(Beginning of RECORDS SHOWN)

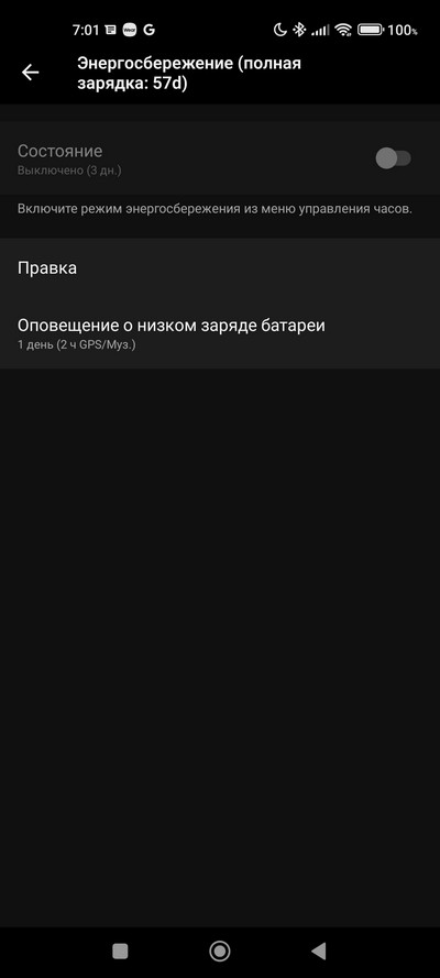 Производитель говорит о 18 днях автономности без учета подпитки солнечной энергией, и о 57 днях автономности в энергосберегающем режиме. Я все эти энергосберегающие режимы никогда не тестирую: я не вижу смысла покупать умные часы и отключать у них все функции мониторинга во имя увеличения времени автономной работы. Но, впрочем, тут есть возможность включать режим энергосбережения во время сна, а это как раз полезная возможность.
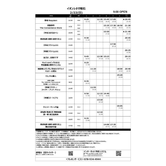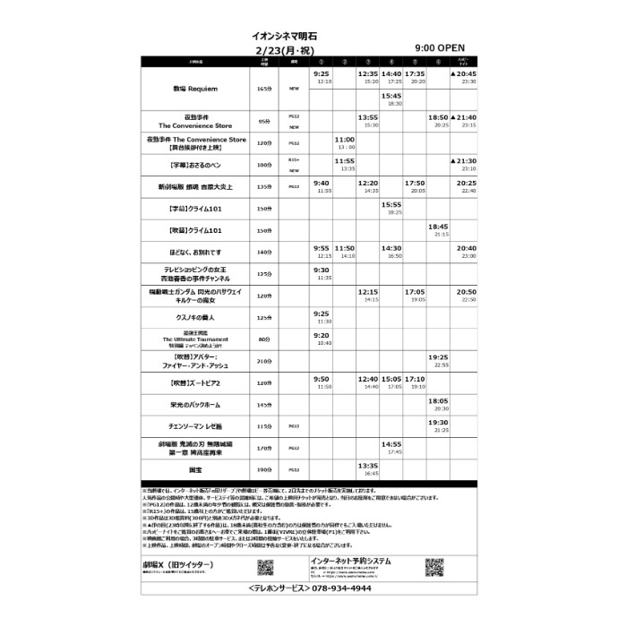 2/20(金)~2/20(木)のスケジュール 新規公開作品 ・教場 Requiem ・夜勤事件 The Convenience Store ・おさるのベン 字幕版
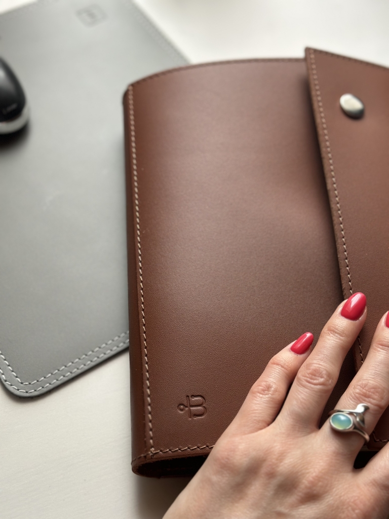 Очень стильный и качественный ежедневник, кожа хорошая, качественная, удобные страницы. Правда, я думала его носить в рюкзаке дельфинчик, но тяжеловат оказался) оставила для домашнего использования) может вы потом выпустите обложечку с кожей потоньше))
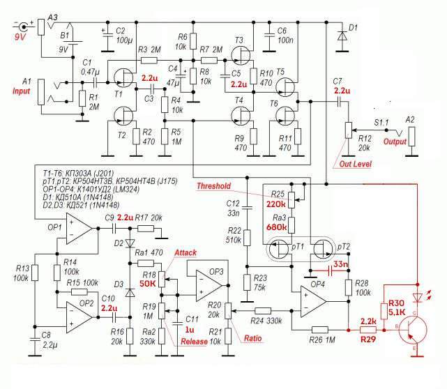 Могу предложить неплохое решение проблемы шумов. Я предлагал померить Кус, но не дождался результатов, хотя и так понятно - он сильно избыточен (в симе более 50 дБ), поэтому и шумит сам компрессор. Можно R7 заменить на цепочку из подстроечника 1 МОм - "Gain" и последовательно с ним 50...100 кОм. С5 увеличить до 22...47 мкФ. Дальше поступить так: Gain - на максимум, "старыми" регуляторами установить максимальную компрессию. Уменьшая Gain, найти верхнюю (юзабельную) границу компрессии, шум при этом должен уменьшиться. Основным регулятором компрессии остаётся Treshold, а Gain - подстроечник.
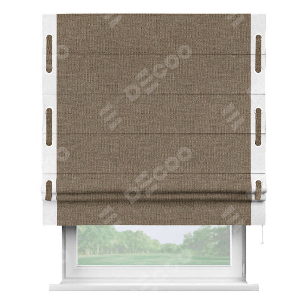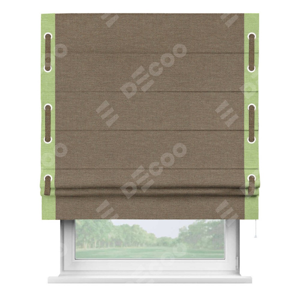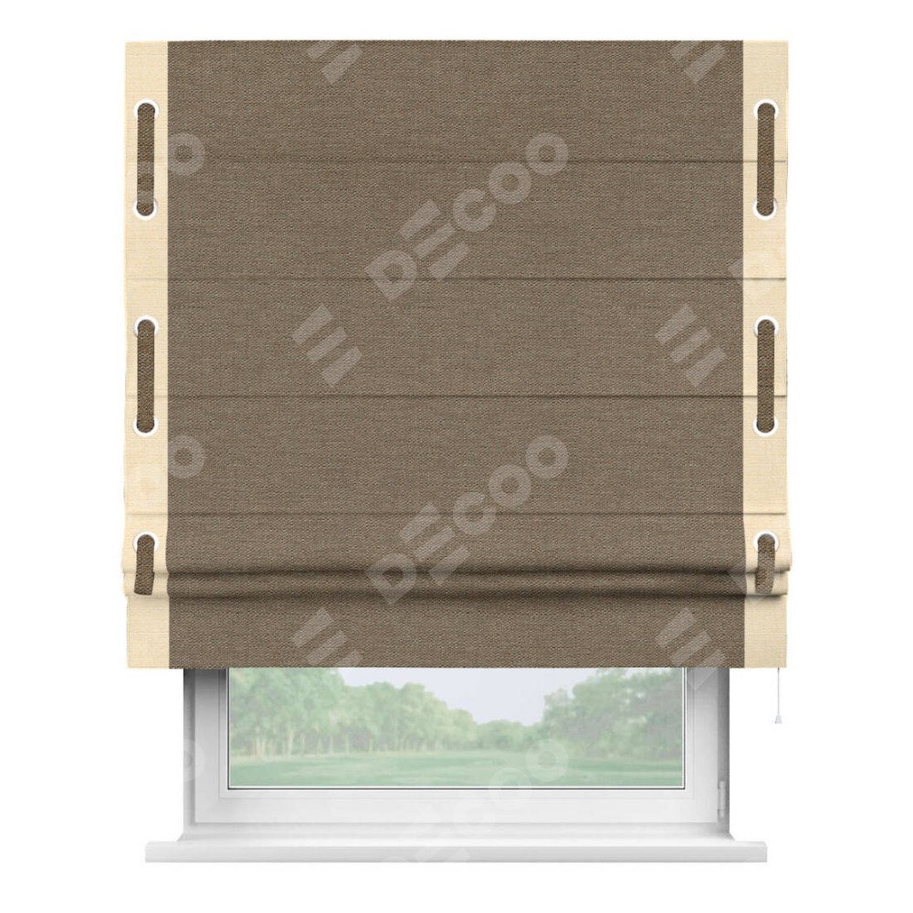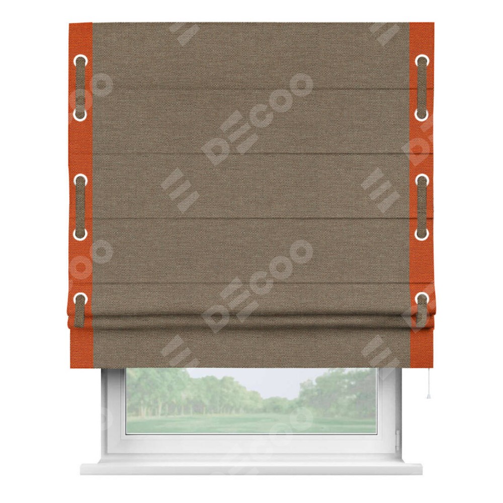Римская штора «Кортин» с кантом Стрим Дуо (люверсы с пояском), для проема, ткань лён светло-коричневый

(End of RECORDS SHOWN)

» ASSIGNMENT
Write out the data in full and exactly as given, though without the images.

» SOLVED EXERCISE
 Производитель говорит о 18 днях автономности без учета подпитки солнечной энергией, и о 57 днях автономности в энергосберегающем режиме. Я все эти энергосберегающие режимы никогда не тестирую: я не вижу смысла покупать умные часы и отключать у них все функции мониторинга во имя увеличения времени автономной работы. Но, впрочем, тут есть возможность включать режим энергосбережения во время сна, а это как раз полезная возможность.
 2/20(金)~2/20(木)のスケジュール 新規公開作品 ・教場 Requiem ・夜勤事件 The Convenience Store ・おさるのベン 字幕版
 Очень стильный и качественный ежедневник, кожа хорошая, качественная, удобные страницы. Правда, я думала его носить в рюкзаке дельфинчик, но тяжеловат оказался) оставила для домашнего использования) может вы потом выпустите обложечку с кожей потоньше))
 Могу предложить неплохое решение проблемы шумов. Я предлагал померить Кус, но не дождался результатов, хотя и так понятно - он сильно избыточен (в симе более 50 дБ), поэтому и шумит сам компрессор. Можно R7 заменить на цепочку из подстроечника 1 МОм - "Gain" и последовательно с ним 50...100 кОм. С5 увеличить до 22...47 мкФ. Дальше поступить так: Gain - на максимум, "старыми" регуляторами установить максимальную компрессию. Уменьшая Gain, найти верхнюю (юзабельную) границу компрессии, шум при этом должен уменьшиться. Основным регулятором компрессии остаётся Treshold, а Gain - подстроечник.
Римская штора «Кортин» с кантом Стрим Дуо (люверсы с пояском), для проема, ткань лён светло-коричневый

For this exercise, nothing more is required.